Cachés dans un arbre, le narrateur et Foufouille attendent que Cornin parte, ils cassent une vitre, ils entrent dans la maison, ils cassent la porte du salon, ils voient un revolver, ils tirent et tuent la fille, après ils voient une hache, ils coupent la tête de la fille morte, le narrateur tue Foufouille avec la hache.
Le narrateur remarque que Cornin Bouchon arrive avec Monsieur Magnat. Je me suis sauvé par la fenêtre cassée, je vais prendre des œufs couis et je les jette sur Monsieur Magnat et Cornin Bouchon, et Cornin Bouchon fond et Monsieur Magnat évite les œufs couis. Le narrateur se transforme en momie, il pousse Monsieur Magnat dans une tombe avec des lames tranchantes. Il va voir Aldébaran qui est le taureau de Cornin Bouchon. Le narrateur remarque que Cornin Bouchon n’était pas mort, c’était son voisin qui était avec Monsieur Magnat.

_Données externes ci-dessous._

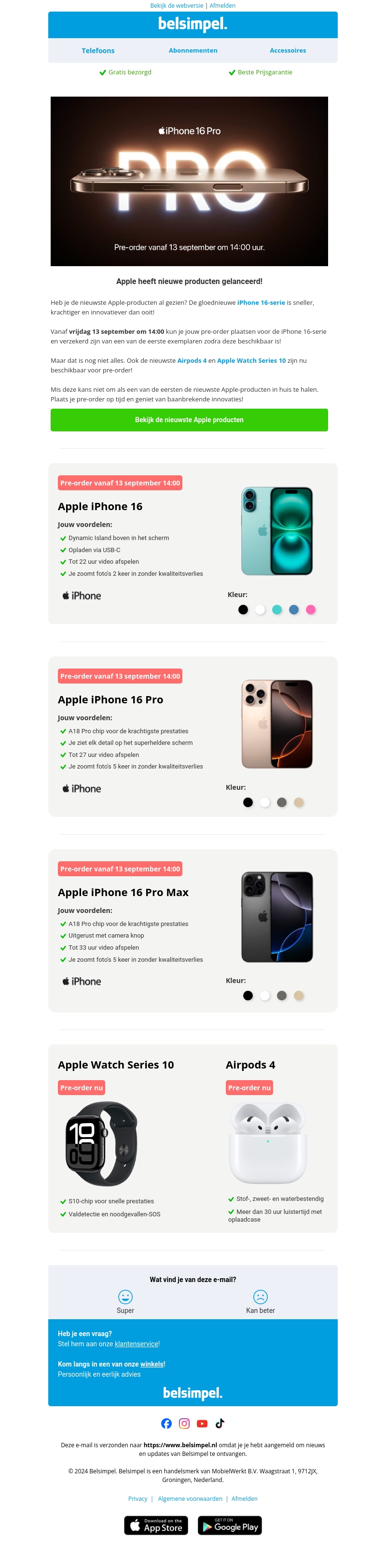Apple heeft nieuwe producten gelanceerd. De glorieusr nieuwe iPhone 16-serie is sneller, krachtiger en innovatiever dan ooit. Vanaf 13 september 14:00 kun je jouw pre-order plaatsen. Mis ook de nieuwe Airpods 4 en de Apple Watch Series 10 niet. Bekijk nu de nieuwste Apple producten bij Belsimpel.
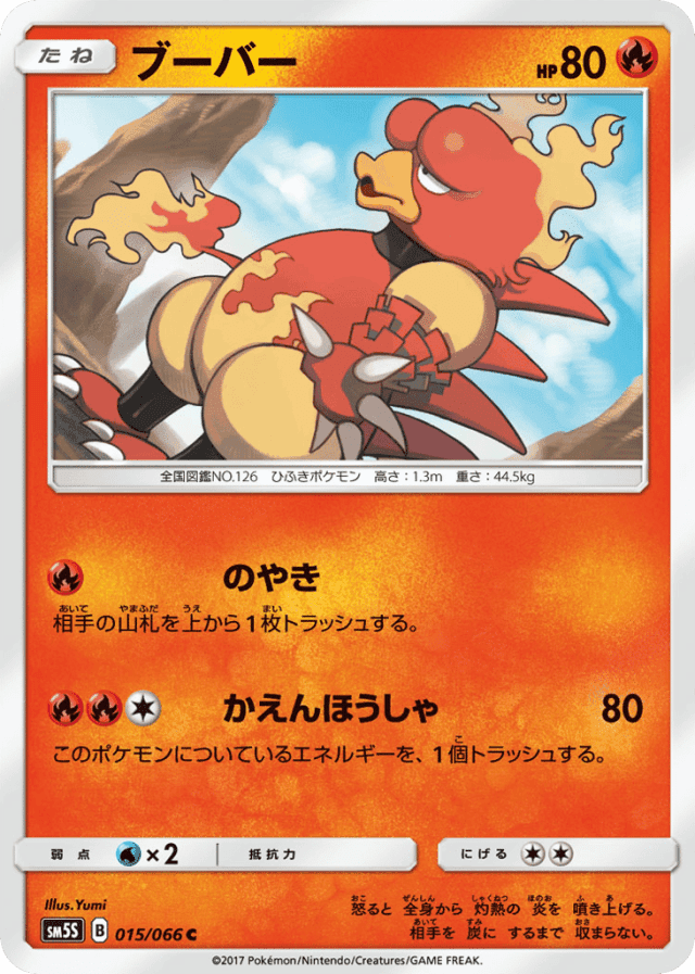 Flamethrower80Cost: 3このポケモンについているエネルギーを、1個トラッシュする。
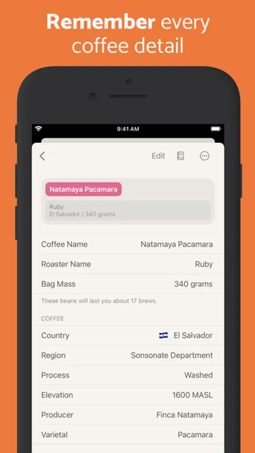 Brew Timer comes with detailed coffee tracking built in. You can track everything from the simple "Name" and "Roaster", to the more fine-grained details like "Varietal" and "Harvest Date". To save you from typing it all out, on iOS 15 and later Brew Timer supports scanning coffee bags to automatically extract these coffee details for you.
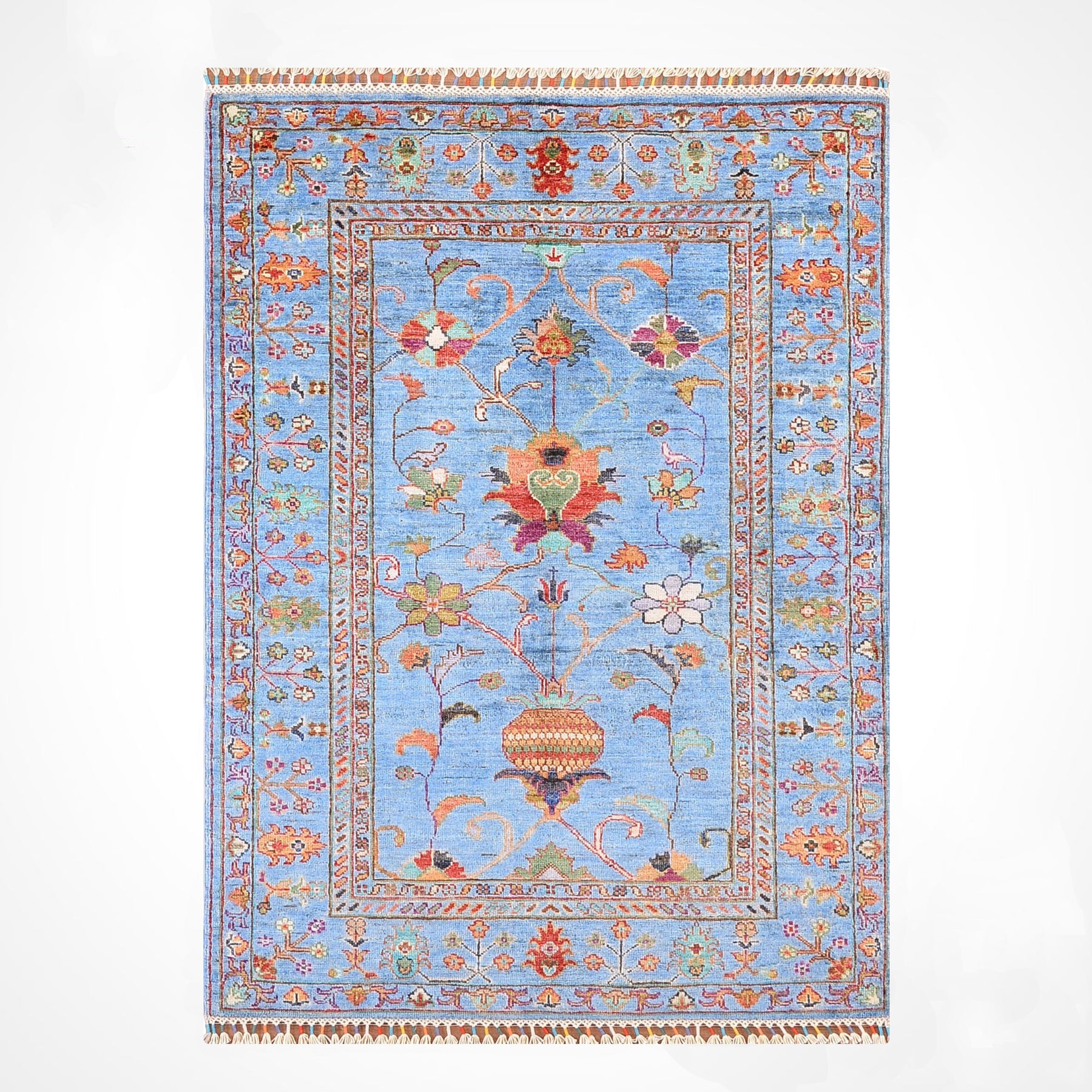 Sultani Floral Original Hand Woven Blue Vegetable Dyed Wool Carpet 104x153 1.59 Square Meters - 3x5 ft
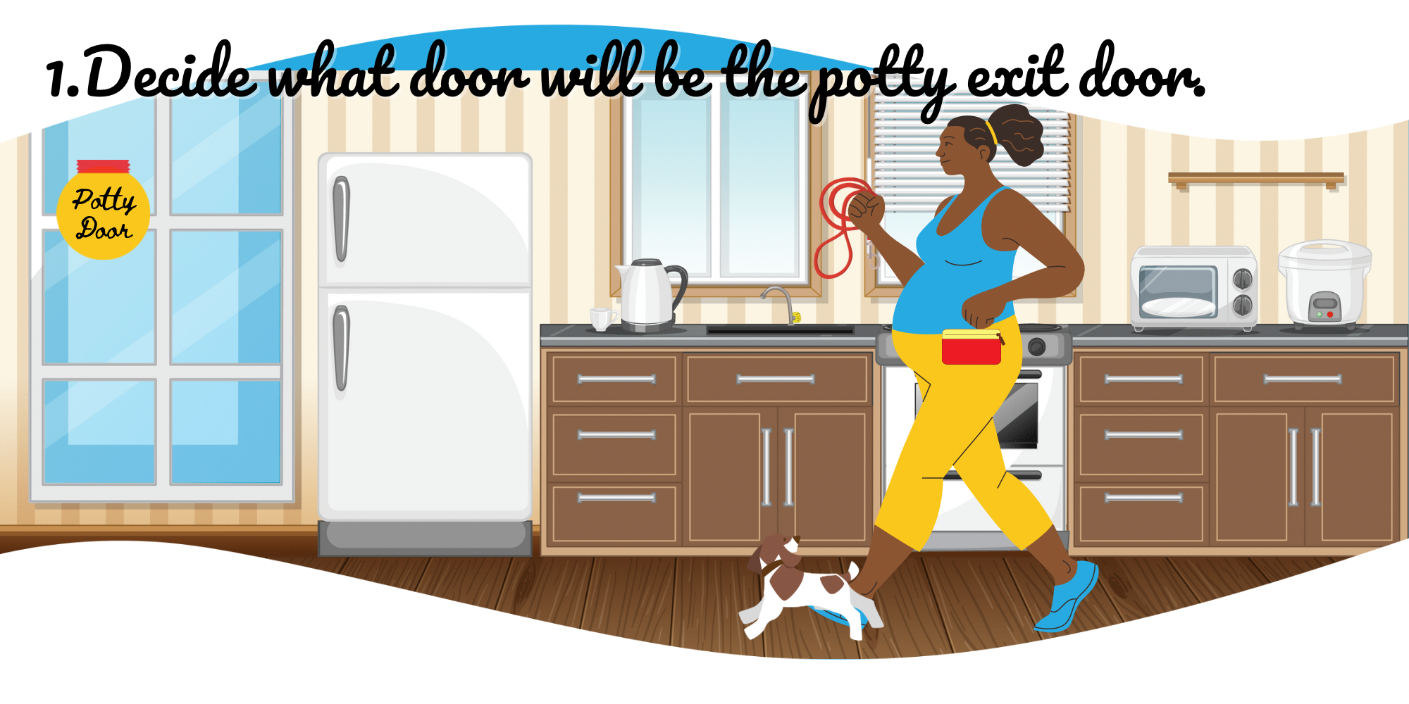 Using the same door for potty breaks will more quickly teach the puppy how to find the door to the outdoor toilet. If using a litter box create your litter box area near the potty door too.

Donc j’ai décidé de les tuer tous les deux d’un coup de hache.
Sources d’inspiration possibles : j’ai pas de mots, là...
Le narrateur et Foufouille vont chercher un lance-roquette puis le narrateur et Foufouille se dirigent vers la porte et « Boom ! » la porte a volé, puis les deux enfants rentrent dans la maison de Cornin Bouchon et cherchent la petite fillette. Ils cherchent dans la cheminée, rien, dans la chambre, rien, dans la salle à manger, rien, dans les toilettes, rien, sur le toit, oui. Ils sont allés chez le cordonnier prendre une échelle puis retournèrent sur le toit de Cornin Bouchon le narrateur et Foufouille et la petite fillette dit : « Tuez-moi s’il vous plaît ». Le narrateur dit « Ok ». Le narrateur redescend de l’échelle pour reprendre la hache et remonte sur le toit et coupe la fille en deux, on voyait tout ce qu’il y avait dedans, pour moi c’était trop cool. Comme maintenant je suis un expert en catégorie tuer je peux m’engager à l’armée.

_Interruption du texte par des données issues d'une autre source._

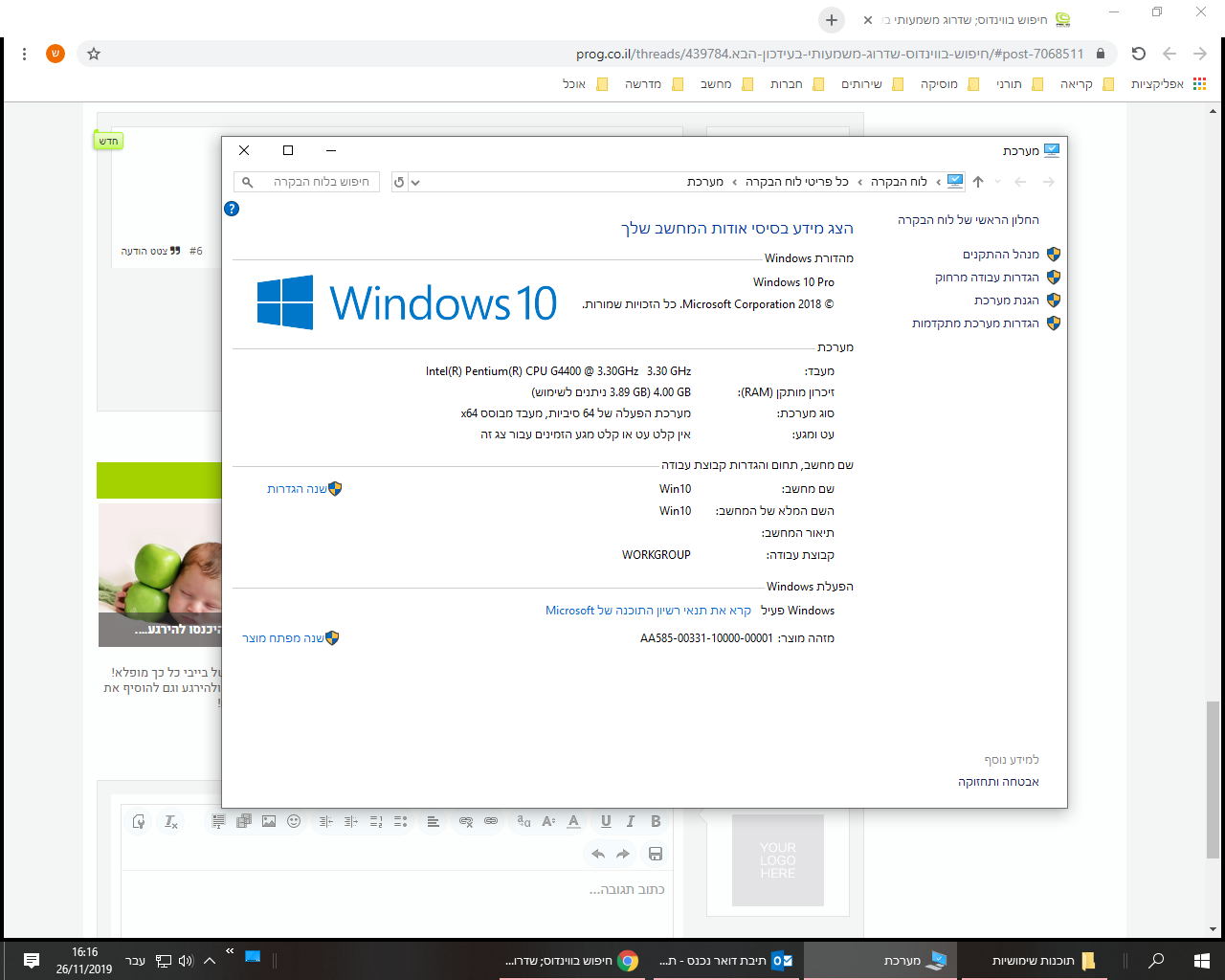 כתוב לי windows 10 pro
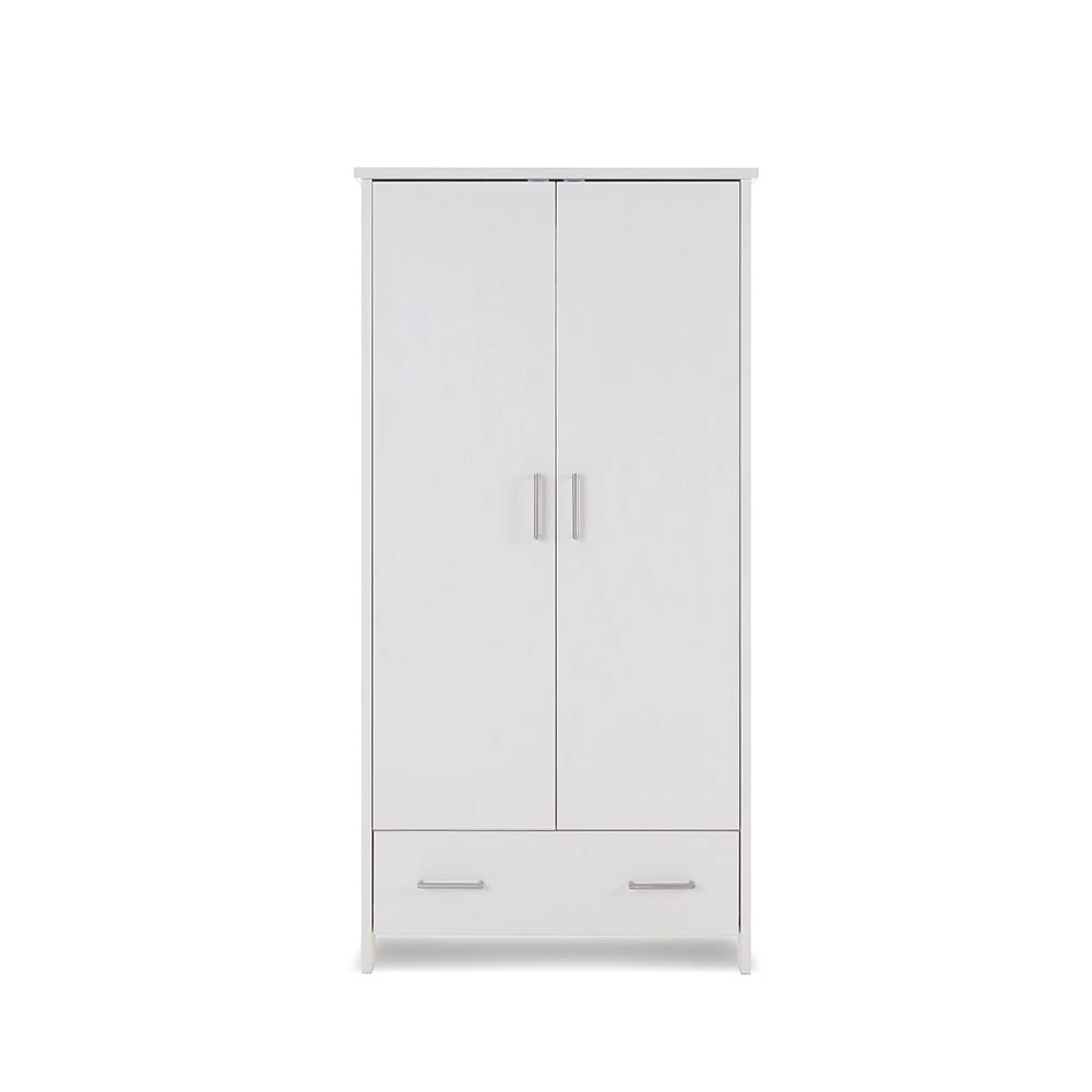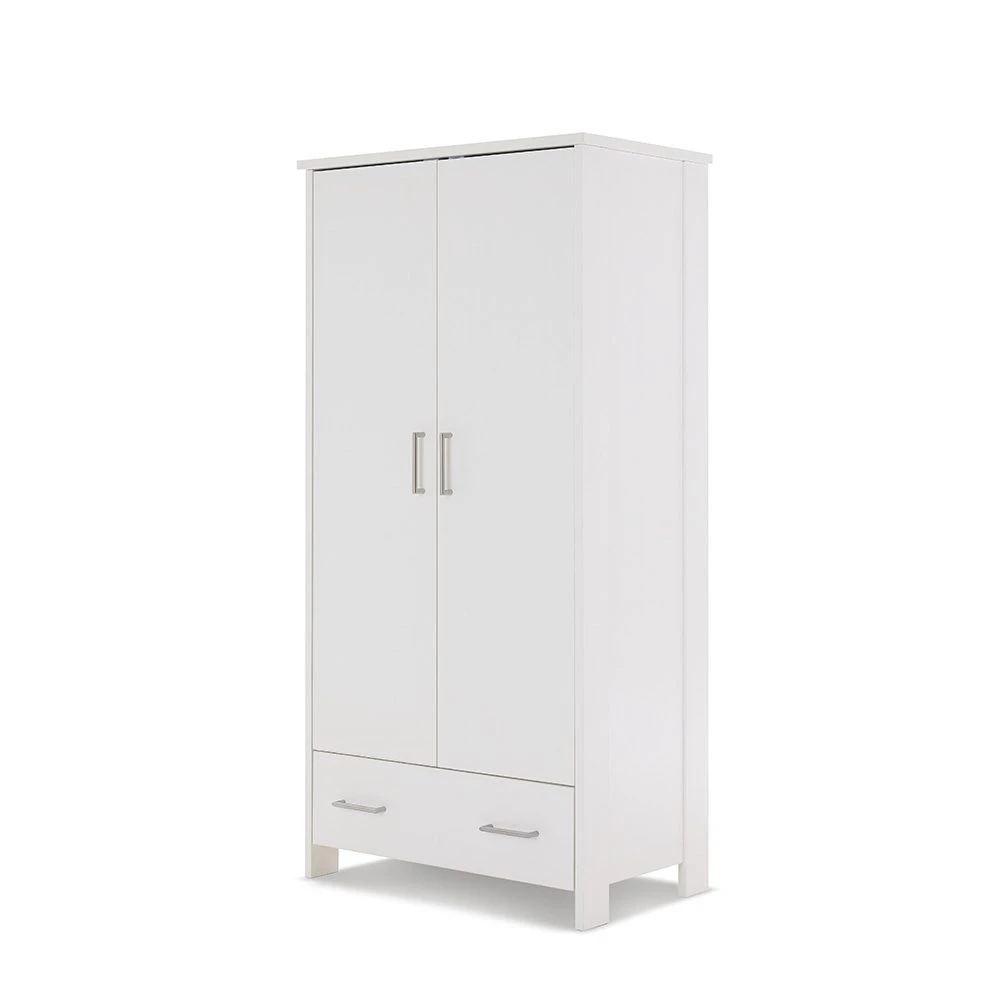 Completing the set is the Nika double wardrobe, featuring one large cupboard space, with two sturdy hanging rails for all of your little one’s special outfits, fronted by a pair of soft close doors. Underneath the main cupboard area is a single 33L capacity, full depth drawer providing the perfect storage solution for those items that cannot be hung up. Stylish brushed metal handles are used throughout the piece making sure it is simple to use.

Le sergent m’a dit « ok, voyons ce que tu peux faire, tue quelqu’un. » D’accord dit le narrateur, il tire sur le sergent et mince dit le narrateur, de toute façon c’est pas de ma faute, il m’avait dit de tuer quelqu’un. Puis le narrateur rentre chez lui.
Voilà l’étendue des dégâts.
Je précise que tous les auteurs de ces joyaux de littérature moderne (postmoderne ?) ont un niveau scolaire qui va de convenable à excellent, des parents d’une catégorie socioprofessionnelle moyenne à élevée, avec un taux de divorce et/ou de famille recomposée tout à fait conforme à la moyenne nationale (je dis ça pour les bien pensants).
Bref, il est grand temps d’arrêter de les laisser regarder n’importe quoi à la télé, et aussi plus que grand temps d’arrêter les jeux video rambomaniacs dès qu’ils sortent de la maternelle (voire du berceau).